The contract between Farnsworth and Tri-State provided that, “No alterations or changes shall be made except upon contractor’s (that is, Farnsworth’s) written order.” However, over Farnsworth’s objection, Mr. Converse, Tri-State’s superintendent in charge of the job, testified that, about the second week in June, Mr. McMaster, Farnsworth’s construction engineer, agreed with him that TriState was “doing a whole lot of work that wasn’t contemplated,” and

“ * * * in order to expedite the job with the schedule they were trying to drive at for the completion date it would be impossible to get a change order for every item that we felt was beyond our scope of work, which was a great number of them that we were called upon to do. So, in order to expedite the job, [732]*732it was his suggestion that we would go ahead and complete these items of work and that we would bill American Houses for items that wasn’t any question about American Houses accepting, but that we had only a contract with Farnsworth. We had no contract with American Houses. And that we would look to them for a settlement between Farnsworth and American Houses as to how Tri-State would get paid. In other words, we would get paid, either by American Houses or by Farnsworth.”

McMaster denied having had any such conversation. Converse testified that he confirmed his claimed verbal understanding by letter dated June 14, 1957, addressed to Farnsworth, attention of Mc-Master, and reading:

“Gentlemen:
“In line with our recent conversation in regards to the additional work we are being required to do on above subject job. This is to advise that it is our opinion that your suggestion of completing the various items and then submitting our invoice for payment is the proper procedure.
“We realize that with the job demands it would be impracticable to clear all the items as they occur, however there will be numerous items for which we can bill American Houses direct, other items will have to be settled between yourselves and American Houses. As we have only a contract with you, it is imperative that you clear the items as early as possible.
“Yours very truly,
W. K. Converse
Executive Vice President.”

Converse testified that he delivered that letter in person by handing it to Mr. McMaster’s secretary in McMaster’s office. McMaster denied ever having seen the claimed letter. His secretary testified that she had no recollection of the letter having been handed to her, and that she had searched the office files for it but had been unable to find it. Mr. Thornhill, Farnsworth’s job superintendent, and Mr. Horlock, Farnsworth’s office engineer on the project, testified that the letter had not been called to their attention. There was evidence, also, that TriState presented no bill to Farnsworth covering the alleged extras until September 26, immediately after Farnsworth had first placed Tri-State in default for failure to supply sufficient workmen. Converse explained:

“Q. You did not mail copies of those work sheets to Farnsworth during May, June, July and August, isn’t that correct? A. That’s correct. We mailed them to American Houses in line with what they had requested, that we mail what we could to American Houses, and if they didn’t pay it, they would see that we were paid.”

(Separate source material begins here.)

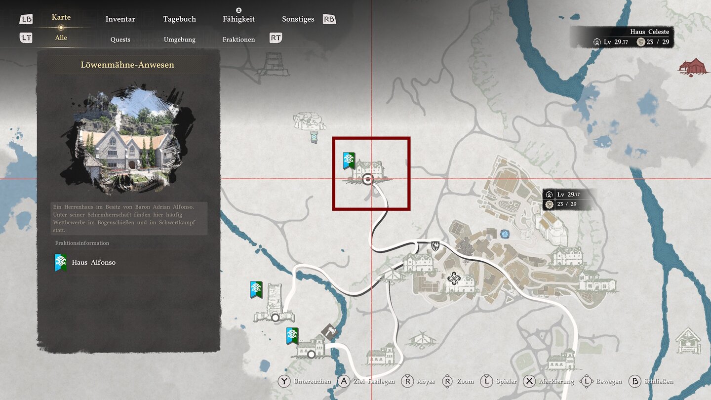 Nordöstlich von Hernand befindet sich das Löwenmähne-Anwesen der Alfonsos. Die Vordertüre wird von Wachleuten versperrt, den Personen hinter der Villa ist es aber völlig egal, wenn ihr durch ein Fenster reinklettert.
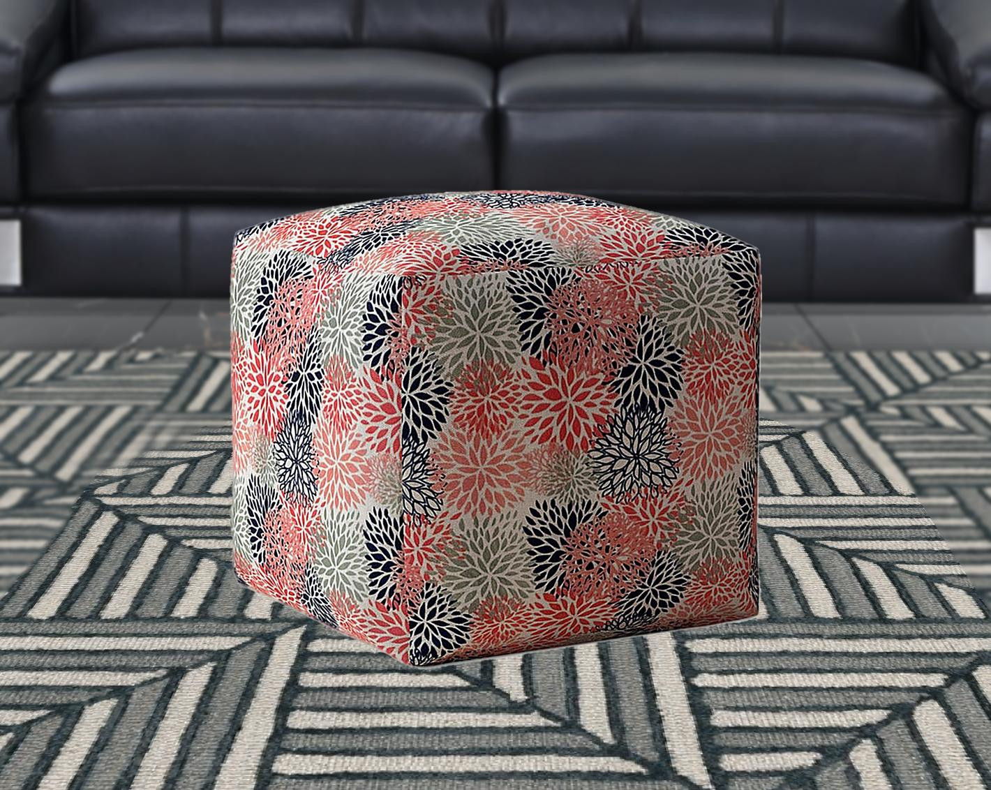 Optimize your space and add some charm to your room with the 17" coral polyester floral pouf cover. Expertly upholstered with padding and soft 100% polyester in a floral pattern, this ottoman is as comfortable as it is good looking. Easy to blend into most any room, a ottoman is a way to add a good looking accent to your space that can also be practical and useful. . 17" H x 17" W x 1" D

Some of Converse’s testimony was corroborated by Mr. Winskie, the Government’s building inspector on the project:

“On several occasions we found some of the slabs were too large and had to be spliced, and so I got he and Mr. Converse together, Mr. Jack Thornhill, who was the Superintendent, I got them together, and they would agree for Mr. Converse to go ahead and fix it, and I heard Mr. Jack say on several occasions that whatever was right about it, or whatever it took to pay for it, to just go ahead and do it.”